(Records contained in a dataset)
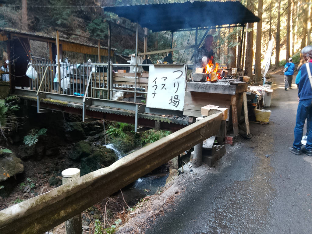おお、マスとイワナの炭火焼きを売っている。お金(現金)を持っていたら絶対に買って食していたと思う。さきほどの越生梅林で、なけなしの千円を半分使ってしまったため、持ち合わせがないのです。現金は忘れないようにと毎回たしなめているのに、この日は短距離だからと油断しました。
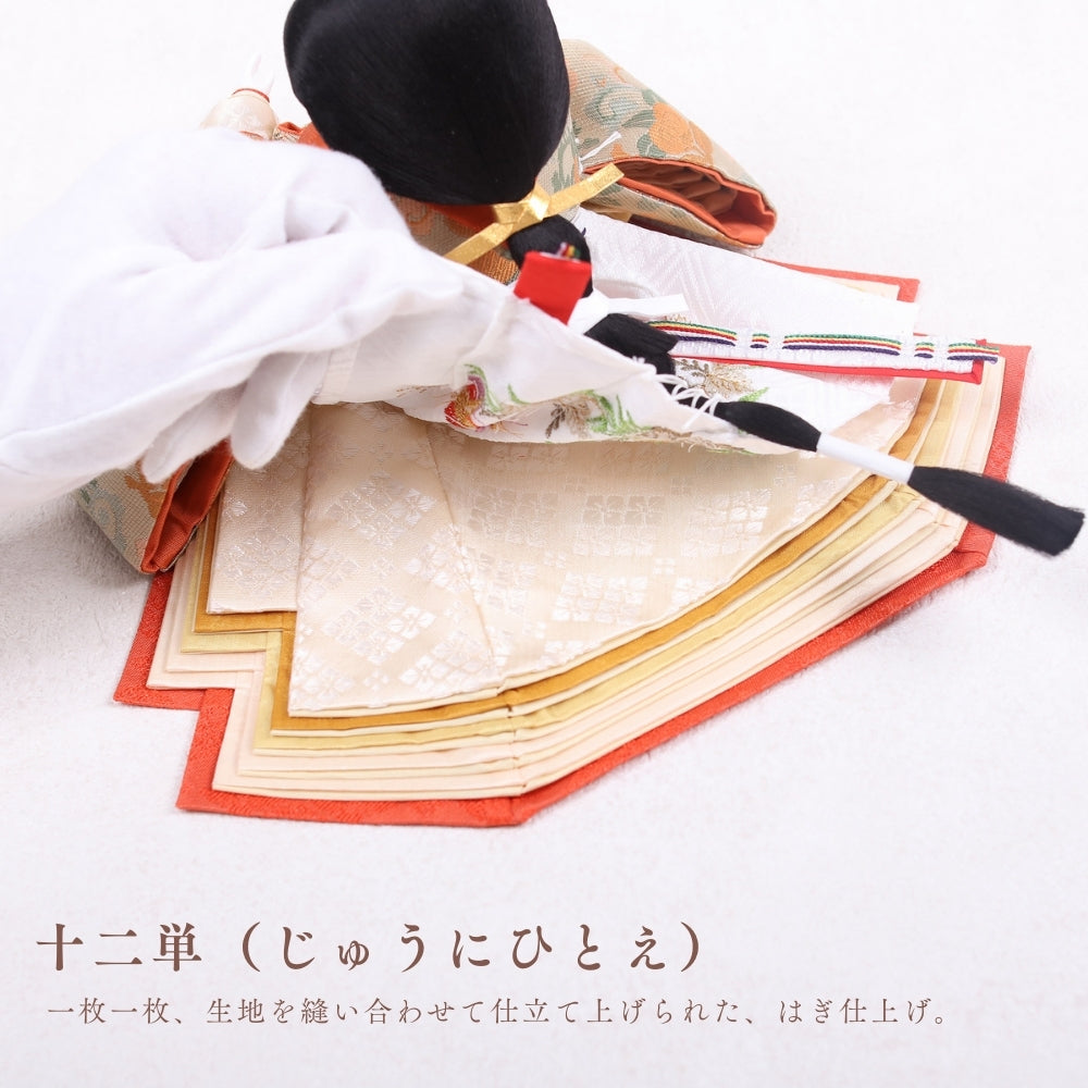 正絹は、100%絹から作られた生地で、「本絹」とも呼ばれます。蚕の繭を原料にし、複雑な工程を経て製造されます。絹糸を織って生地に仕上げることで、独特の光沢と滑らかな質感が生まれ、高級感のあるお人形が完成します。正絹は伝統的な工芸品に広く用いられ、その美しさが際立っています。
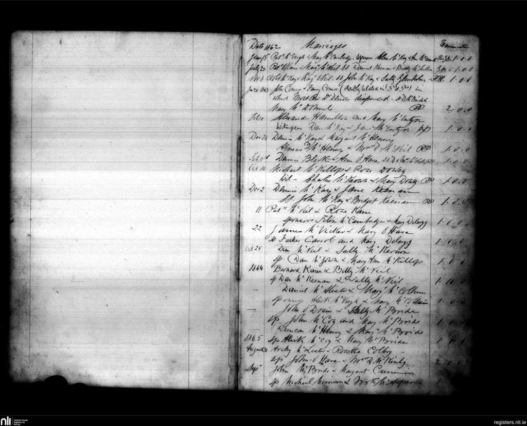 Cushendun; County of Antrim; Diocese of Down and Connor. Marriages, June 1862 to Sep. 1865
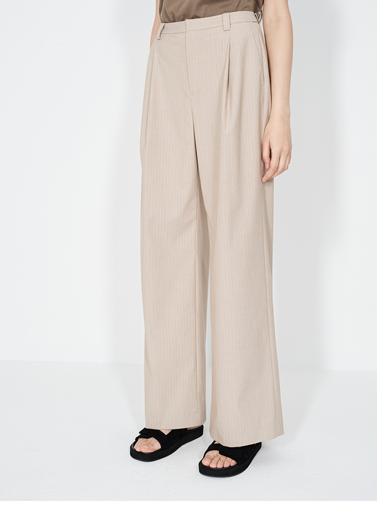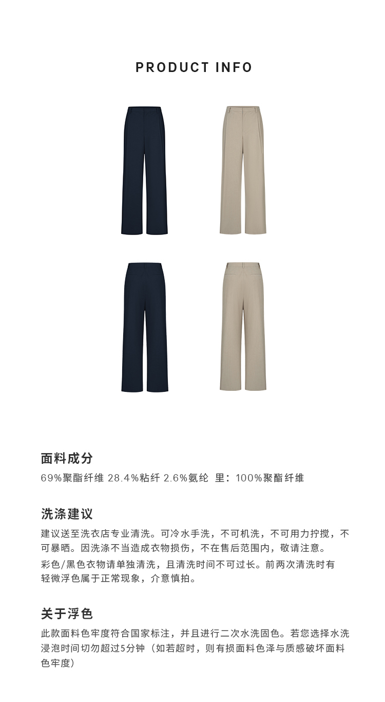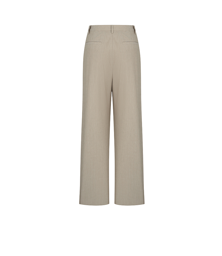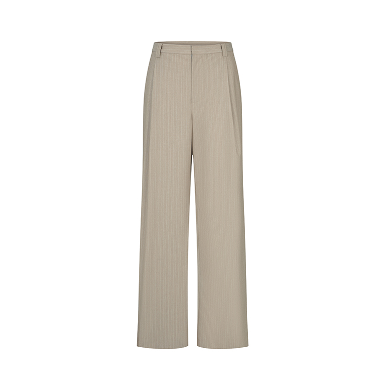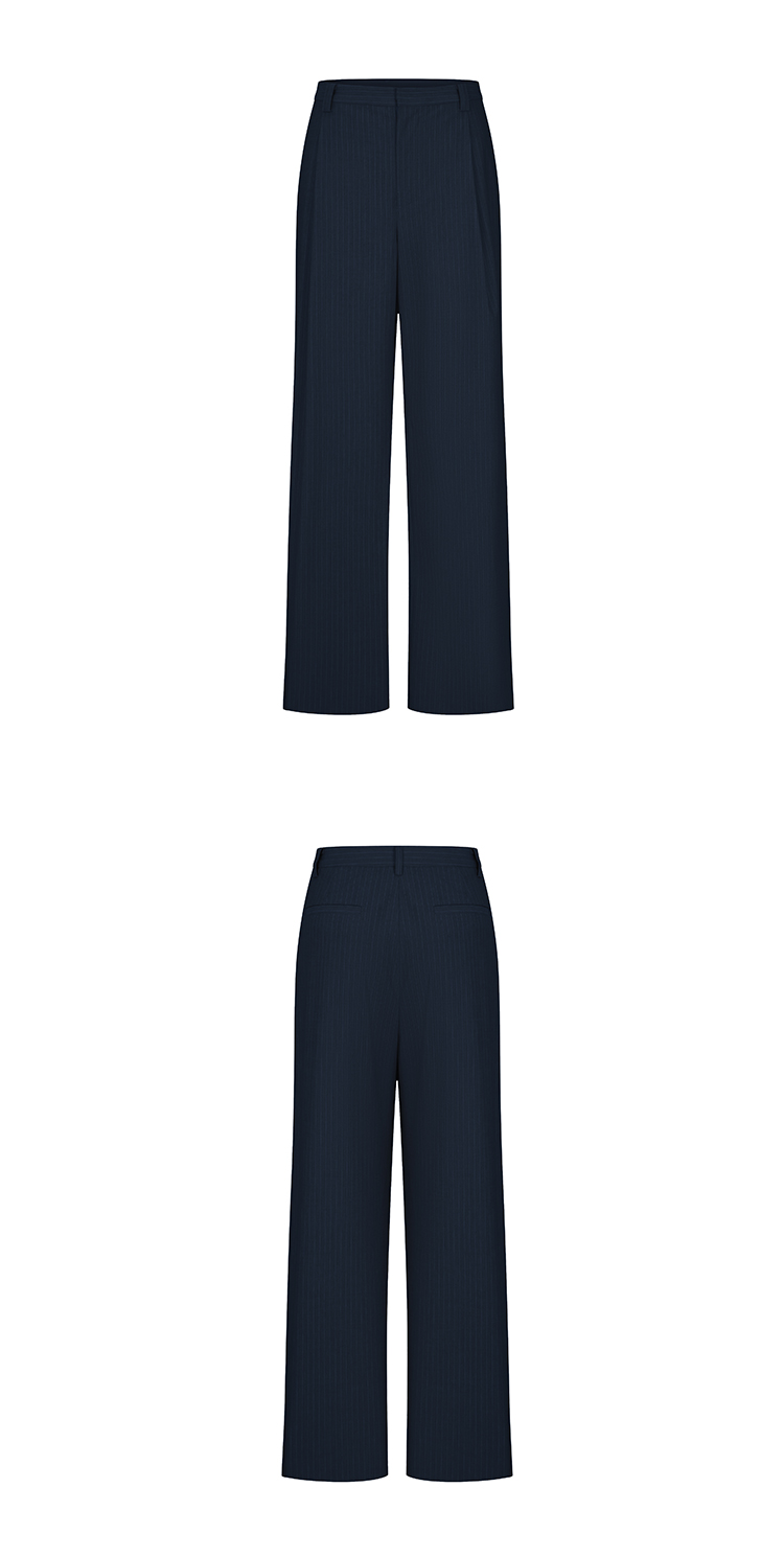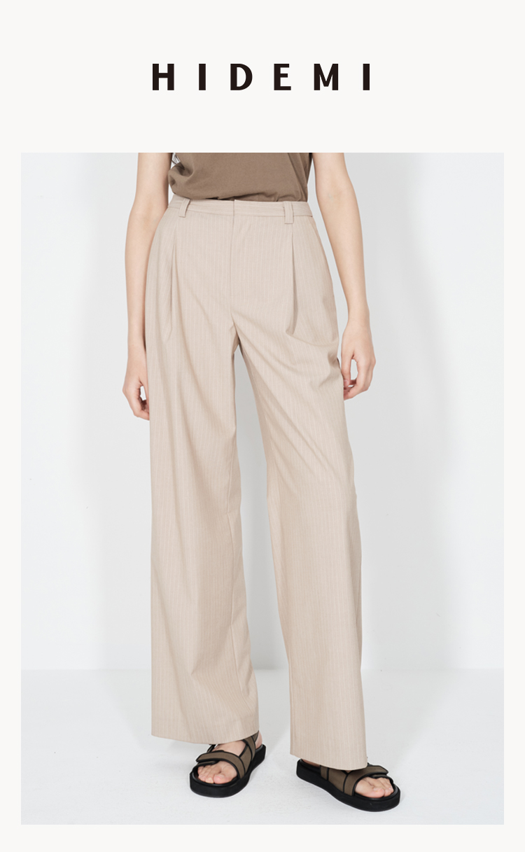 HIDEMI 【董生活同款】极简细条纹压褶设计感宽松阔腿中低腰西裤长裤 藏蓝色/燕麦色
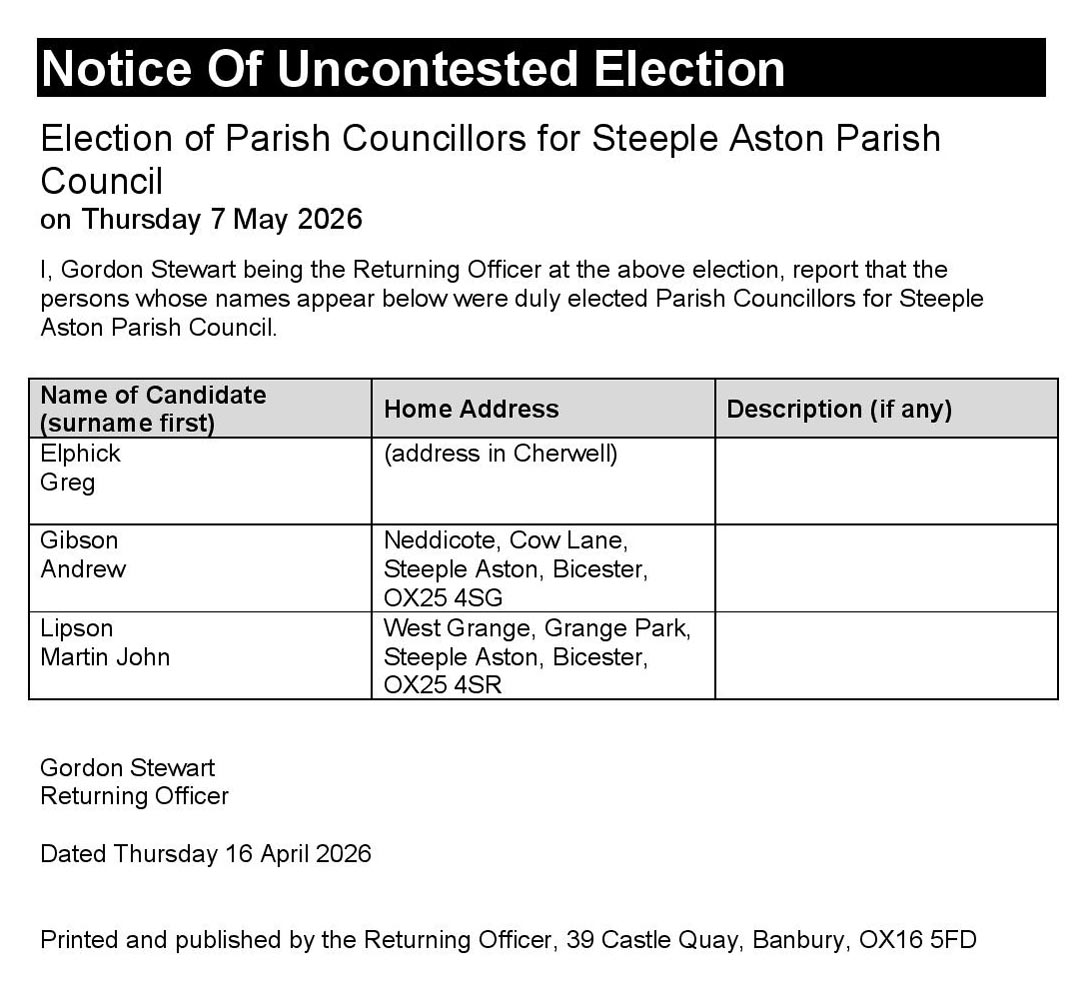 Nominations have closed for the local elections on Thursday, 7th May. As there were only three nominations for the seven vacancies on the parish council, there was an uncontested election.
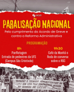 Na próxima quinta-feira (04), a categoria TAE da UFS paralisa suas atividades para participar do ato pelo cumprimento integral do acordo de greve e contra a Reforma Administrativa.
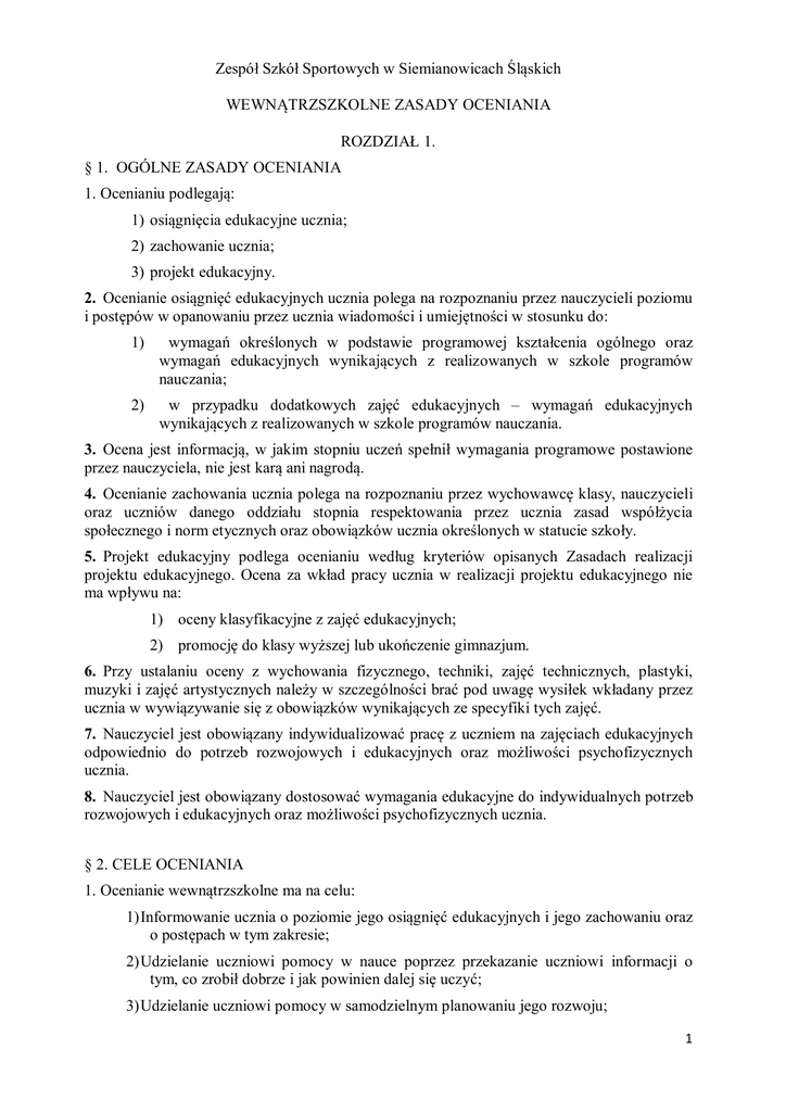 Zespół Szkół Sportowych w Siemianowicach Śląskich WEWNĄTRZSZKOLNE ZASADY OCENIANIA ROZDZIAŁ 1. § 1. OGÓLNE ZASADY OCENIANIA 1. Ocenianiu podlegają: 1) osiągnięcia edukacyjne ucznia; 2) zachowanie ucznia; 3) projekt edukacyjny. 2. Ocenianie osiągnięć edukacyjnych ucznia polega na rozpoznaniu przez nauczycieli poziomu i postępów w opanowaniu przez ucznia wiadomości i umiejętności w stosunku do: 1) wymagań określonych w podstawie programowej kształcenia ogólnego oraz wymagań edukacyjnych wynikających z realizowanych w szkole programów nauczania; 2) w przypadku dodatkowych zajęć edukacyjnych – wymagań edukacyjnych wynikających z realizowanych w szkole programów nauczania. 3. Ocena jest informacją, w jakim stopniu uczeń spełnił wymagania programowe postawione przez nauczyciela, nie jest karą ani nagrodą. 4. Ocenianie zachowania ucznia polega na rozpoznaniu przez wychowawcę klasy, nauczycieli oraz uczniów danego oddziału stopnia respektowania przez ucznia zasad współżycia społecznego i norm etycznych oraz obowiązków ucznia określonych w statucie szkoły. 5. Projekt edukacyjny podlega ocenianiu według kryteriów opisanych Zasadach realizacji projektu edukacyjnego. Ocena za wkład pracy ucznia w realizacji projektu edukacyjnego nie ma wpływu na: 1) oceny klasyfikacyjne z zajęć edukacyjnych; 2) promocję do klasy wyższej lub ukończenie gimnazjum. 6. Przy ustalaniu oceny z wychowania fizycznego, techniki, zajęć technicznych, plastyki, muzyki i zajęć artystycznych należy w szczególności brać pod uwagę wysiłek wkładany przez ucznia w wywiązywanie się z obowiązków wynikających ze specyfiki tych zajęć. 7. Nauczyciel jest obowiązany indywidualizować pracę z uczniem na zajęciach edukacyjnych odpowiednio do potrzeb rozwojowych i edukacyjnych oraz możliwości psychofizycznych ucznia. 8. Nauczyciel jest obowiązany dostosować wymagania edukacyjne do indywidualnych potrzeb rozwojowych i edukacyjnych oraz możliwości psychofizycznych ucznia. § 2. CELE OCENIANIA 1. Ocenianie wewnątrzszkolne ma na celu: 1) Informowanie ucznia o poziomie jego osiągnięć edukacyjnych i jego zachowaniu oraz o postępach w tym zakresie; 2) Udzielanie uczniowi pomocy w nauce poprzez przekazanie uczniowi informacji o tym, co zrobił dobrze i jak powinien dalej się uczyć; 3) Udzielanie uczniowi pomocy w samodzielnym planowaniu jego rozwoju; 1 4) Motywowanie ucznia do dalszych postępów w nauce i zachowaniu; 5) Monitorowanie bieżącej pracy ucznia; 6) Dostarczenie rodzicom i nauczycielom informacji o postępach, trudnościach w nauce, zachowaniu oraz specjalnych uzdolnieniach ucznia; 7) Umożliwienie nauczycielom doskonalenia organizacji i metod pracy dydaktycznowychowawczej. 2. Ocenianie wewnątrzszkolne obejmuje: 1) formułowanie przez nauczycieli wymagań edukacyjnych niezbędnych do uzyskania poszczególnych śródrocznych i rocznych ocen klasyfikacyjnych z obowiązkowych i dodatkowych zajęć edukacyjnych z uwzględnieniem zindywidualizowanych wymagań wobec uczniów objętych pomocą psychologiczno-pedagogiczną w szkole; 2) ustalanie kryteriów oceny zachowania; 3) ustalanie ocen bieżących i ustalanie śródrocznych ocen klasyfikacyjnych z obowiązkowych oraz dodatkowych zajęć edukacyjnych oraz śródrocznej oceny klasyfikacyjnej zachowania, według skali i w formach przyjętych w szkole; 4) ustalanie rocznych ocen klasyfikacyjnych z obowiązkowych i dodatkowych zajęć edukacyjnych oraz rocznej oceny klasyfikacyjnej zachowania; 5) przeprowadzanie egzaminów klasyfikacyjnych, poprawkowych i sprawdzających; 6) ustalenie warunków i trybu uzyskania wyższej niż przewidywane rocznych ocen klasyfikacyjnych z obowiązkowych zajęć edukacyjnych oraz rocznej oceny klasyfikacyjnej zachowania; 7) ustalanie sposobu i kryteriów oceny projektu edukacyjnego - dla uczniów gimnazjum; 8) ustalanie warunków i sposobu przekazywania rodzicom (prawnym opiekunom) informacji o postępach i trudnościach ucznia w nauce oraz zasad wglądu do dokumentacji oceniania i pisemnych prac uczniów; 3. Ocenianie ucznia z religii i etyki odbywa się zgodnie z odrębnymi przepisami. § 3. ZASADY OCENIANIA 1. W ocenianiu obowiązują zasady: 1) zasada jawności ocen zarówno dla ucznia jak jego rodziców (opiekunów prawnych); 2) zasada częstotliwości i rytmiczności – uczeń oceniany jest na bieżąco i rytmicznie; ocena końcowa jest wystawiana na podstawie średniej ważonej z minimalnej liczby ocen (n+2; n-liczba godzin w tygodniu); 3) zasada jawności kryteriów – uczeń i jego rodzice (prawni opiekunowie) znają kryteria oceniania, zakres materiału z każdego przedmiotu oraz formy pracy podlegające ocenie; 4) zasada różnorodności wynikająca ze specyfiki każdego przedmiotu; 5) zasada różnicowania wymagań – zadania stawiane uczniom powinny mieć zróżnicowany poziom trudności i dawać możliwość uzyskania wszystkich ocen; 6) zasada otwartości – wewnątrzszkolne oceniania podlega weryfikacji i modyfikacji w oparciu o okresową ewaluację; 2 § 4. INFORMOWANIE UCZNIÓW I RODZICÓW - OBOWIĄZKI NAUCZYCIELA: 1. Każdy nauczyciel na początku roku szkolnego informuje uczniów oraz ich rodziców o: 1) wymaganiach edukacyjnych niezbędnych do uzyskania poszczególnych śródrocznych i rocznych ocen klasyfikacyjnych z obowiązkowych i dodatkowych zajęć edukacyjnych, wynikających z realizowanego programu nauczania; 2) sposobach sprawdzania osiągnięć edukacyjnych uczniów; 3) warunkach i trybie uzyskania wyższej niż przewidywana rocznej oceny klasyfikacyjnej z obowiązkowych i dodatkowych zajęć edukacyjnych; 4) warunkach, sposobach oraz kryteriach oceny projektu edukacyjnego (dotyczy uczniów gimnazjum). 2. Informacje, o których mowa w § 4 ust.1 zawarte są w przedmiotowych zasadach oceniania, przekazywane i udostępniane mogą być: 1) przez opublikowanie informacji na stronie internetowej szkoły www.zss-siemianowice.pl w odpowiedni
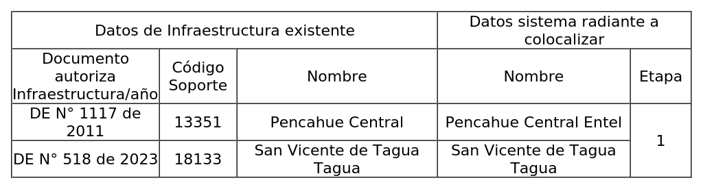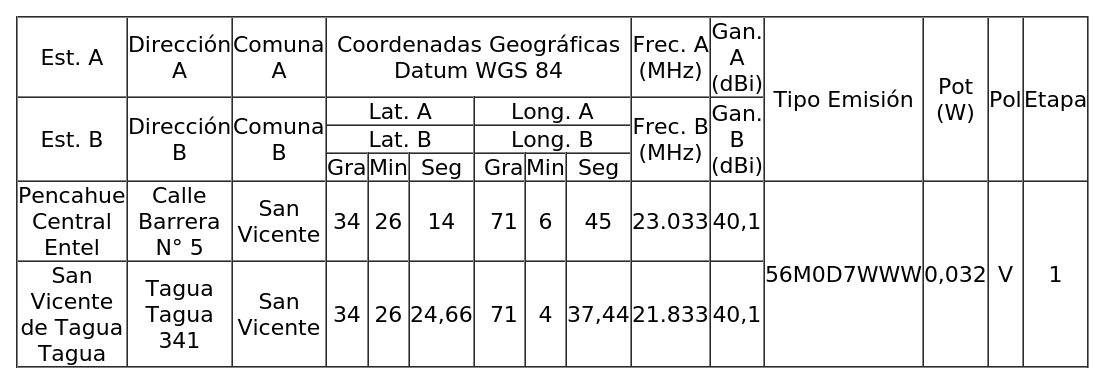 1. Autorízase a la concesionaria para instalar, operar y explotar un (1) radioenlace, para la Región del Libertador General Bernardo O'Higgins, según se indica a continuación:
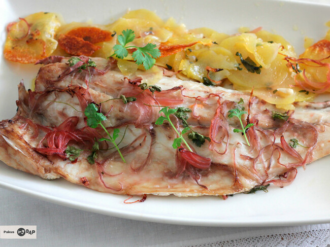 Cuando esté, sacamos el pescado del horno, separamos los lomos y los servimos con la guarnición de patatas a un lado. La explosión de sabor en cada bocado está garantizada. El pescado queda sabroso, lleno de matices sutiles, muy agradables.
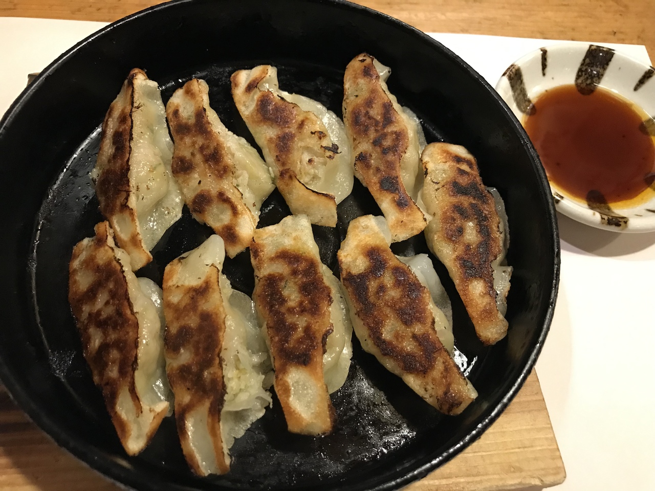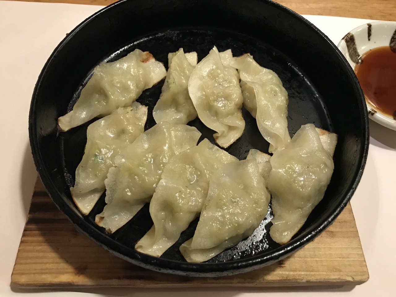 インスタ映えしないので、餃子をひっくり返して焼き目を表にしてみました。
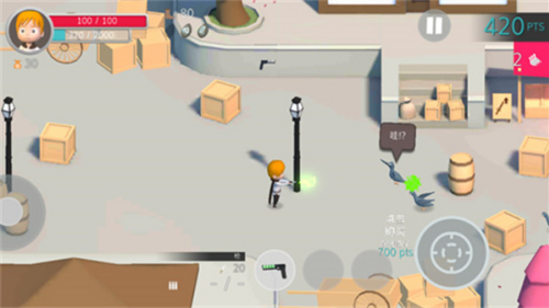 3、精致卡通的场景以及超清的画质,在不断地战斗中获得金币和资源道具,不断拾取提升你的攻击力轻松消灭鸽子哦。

* [YOUR GOAL]
Each line from the one containing "インスタ映えしないので、餃子をひっくり返して焼き目を表にしてみました。" through the last line of the data should be written out exactly. Skip the pictures, and add no other lines.

* [YOUR RESPONSE]
 インスタ映えしないので、餃子をひっくり返して焼き目を表にしてみました。
 3、精致卡通的场景以及超清的画质,在不断地战斗中获得金币和资源道具,不断拾取提升你的攻击力轻松消灭鸽子哦。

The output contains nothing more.